*** Begin section ***

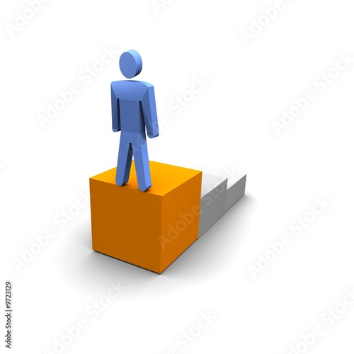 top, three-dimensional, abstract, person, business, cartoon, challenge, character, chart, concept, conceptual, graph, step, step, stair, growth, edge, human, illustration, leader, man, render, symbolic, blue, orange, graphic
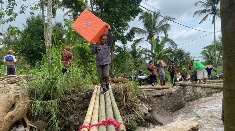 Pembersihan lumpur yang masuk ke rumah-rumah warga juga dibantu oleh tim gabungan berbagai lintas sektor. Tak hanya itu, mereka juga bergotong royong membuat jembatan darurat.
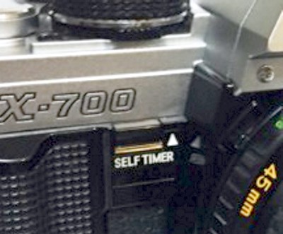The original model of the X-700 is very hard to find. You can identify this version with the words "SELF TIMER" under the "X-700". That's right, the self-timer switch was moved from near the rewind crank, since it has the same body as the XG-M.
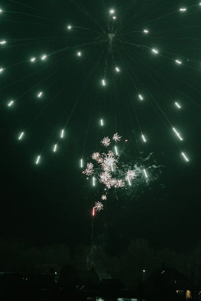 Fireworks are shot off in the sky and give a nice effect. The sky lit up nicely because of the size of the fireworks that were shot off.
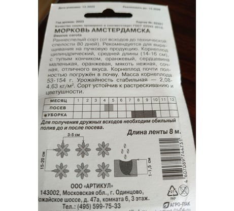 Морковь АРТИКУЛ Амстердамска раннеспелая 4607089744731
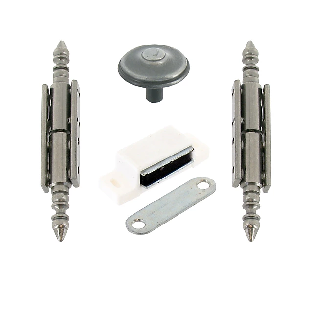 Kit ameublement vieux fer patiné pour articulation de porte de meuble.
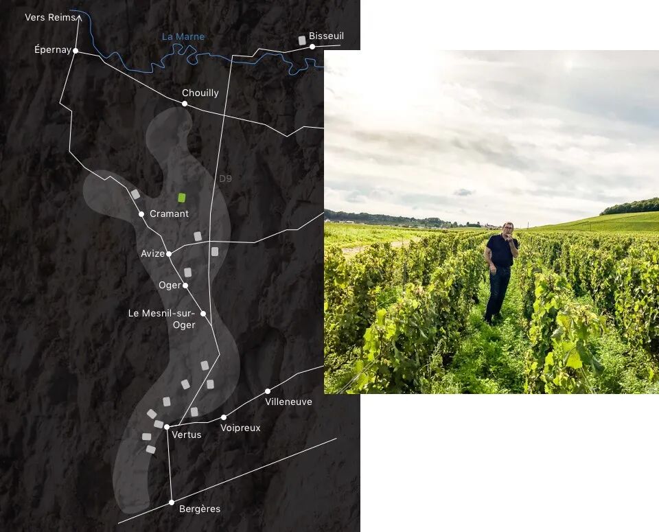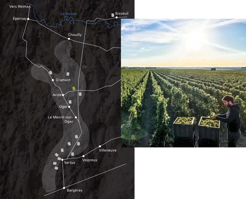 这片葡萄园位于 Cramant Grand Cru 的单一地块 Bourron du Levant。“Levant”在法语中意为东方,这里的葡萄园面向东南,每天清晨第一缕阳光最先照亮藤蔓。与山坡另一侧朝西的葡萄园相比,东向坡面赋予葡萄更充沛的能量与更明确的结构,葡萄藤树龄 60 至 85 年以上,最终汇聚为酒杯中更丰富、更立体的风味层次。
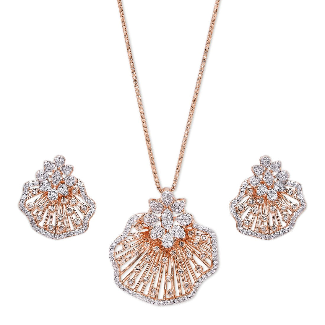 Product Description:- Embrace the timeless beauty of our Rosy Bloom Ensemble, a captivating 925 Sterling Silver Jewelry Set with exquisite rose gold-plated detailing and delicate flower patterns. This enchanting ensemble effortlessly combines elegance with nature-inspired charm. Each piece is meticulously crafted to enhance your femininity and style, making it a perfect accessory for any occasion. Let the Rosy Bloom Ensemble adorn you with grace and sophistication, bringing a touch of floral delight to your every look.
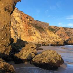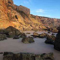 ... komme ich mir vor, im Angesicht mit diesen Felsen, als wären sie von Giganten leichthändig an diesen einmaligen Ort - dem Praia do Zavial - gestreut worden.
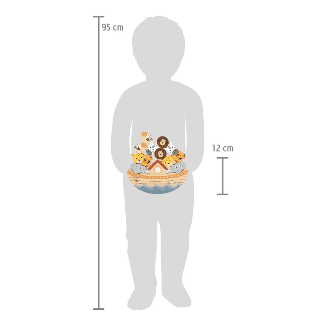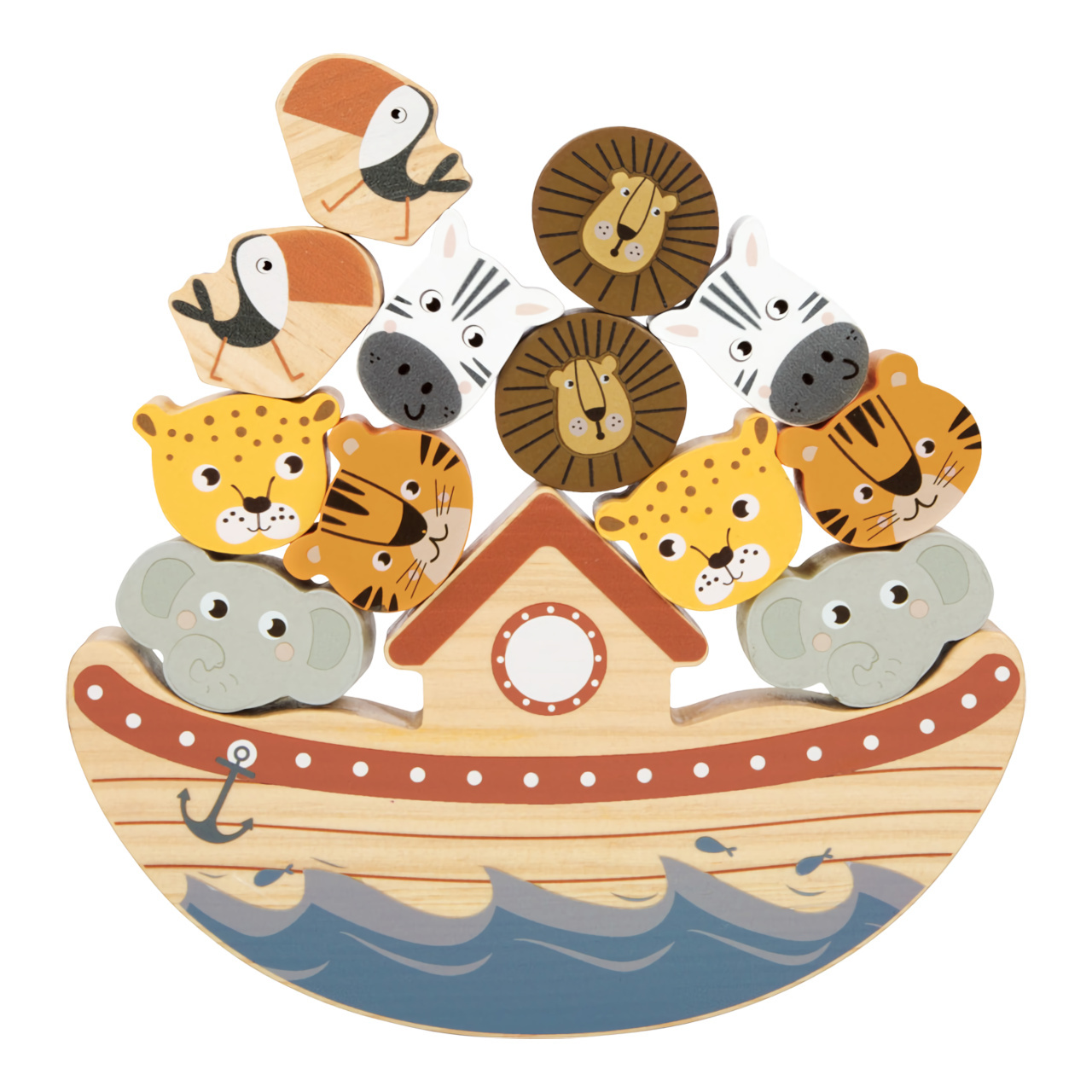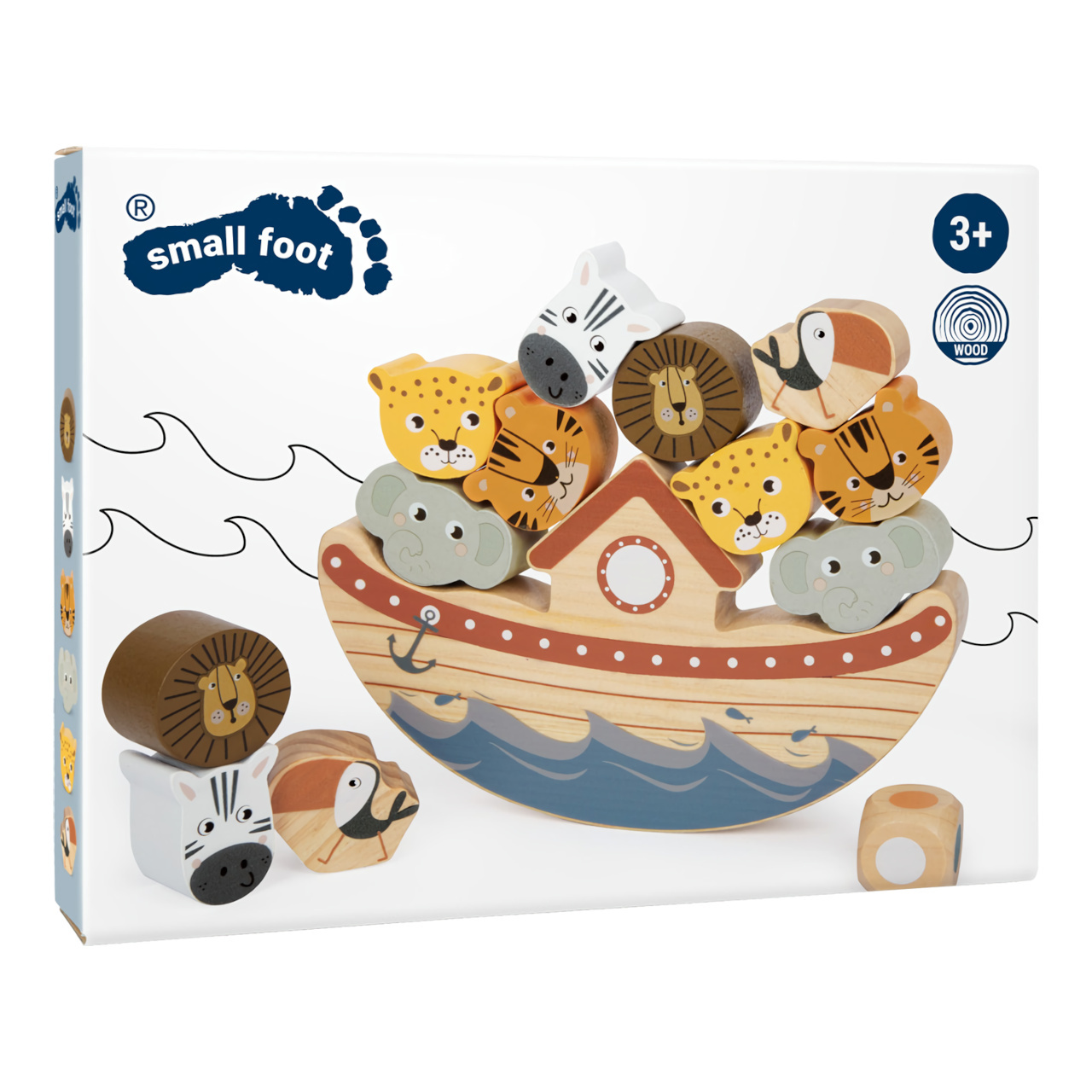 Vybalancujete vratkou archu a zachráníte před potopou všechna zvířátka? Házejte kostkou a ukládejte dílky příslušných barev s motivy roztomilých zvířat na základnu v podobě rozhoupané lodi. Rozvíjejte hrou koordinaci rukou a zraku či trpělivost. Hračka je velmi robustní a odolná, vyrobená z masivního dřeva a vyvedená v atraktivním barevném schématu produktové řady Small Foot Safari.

*** End section ***
*** Begin section ***

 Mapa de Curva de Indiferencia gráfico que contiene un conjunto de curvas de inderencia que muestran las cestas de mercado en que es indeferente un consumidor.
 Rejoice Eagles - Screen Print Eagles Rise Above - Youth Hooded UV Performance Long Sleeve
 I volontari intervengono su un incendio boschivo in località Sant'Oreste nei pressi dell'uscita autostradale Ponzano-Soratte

*** End section ***

#### TASK DESCRIPTION
Of the records above, print only the lines from the one containing "这片葡萄园位于 Cramant Grand" through the one containing "- gestreut worden.", inclusive and unaltered, leaving out pictures.

#### SOLUTION FOR THIS PROBLEM
 这片葡萄园位于 Cramant Grand Cru 的单一地块 Bourron du Levant。“Levant”在法语中意为东方,这里的葡萄园面向东南,每天清晨第一缕阳光最先照亮藤蔓。与山坡另一侧朝西的葡萄园相比,东向坡面赋予葡萄更充沛的能量与更明确的结构,葡萄藤树龄 60 至 85 年以上,最终汇聚为酒杯中更丰富、更立体的风味层次。
 Product Description:- Embrace the timeless beauty of our Rosy Bloom Ensemble, a captivating 925 Sterling Silver Jewelry Set with exquisite rose gold-plated detailing and delicate flower patterns. This enchanting ensemble effortlessly combines elegance with nature-inspired charm. Each piece is meticulously crafted to enhance your femininity and style, making it a perfect accessory for any occasion. Let the Rosy Bloom Ensemble adorn you with grace and sophistication, bringing a touch of floral delight to your every look.
 ... komme ich mir vor, im Angesicht mit diesen Felsen, als wären sie von Giganten leichthändig an diesen einmaligen Ort - dem Praia do Zavial - gestreut worden.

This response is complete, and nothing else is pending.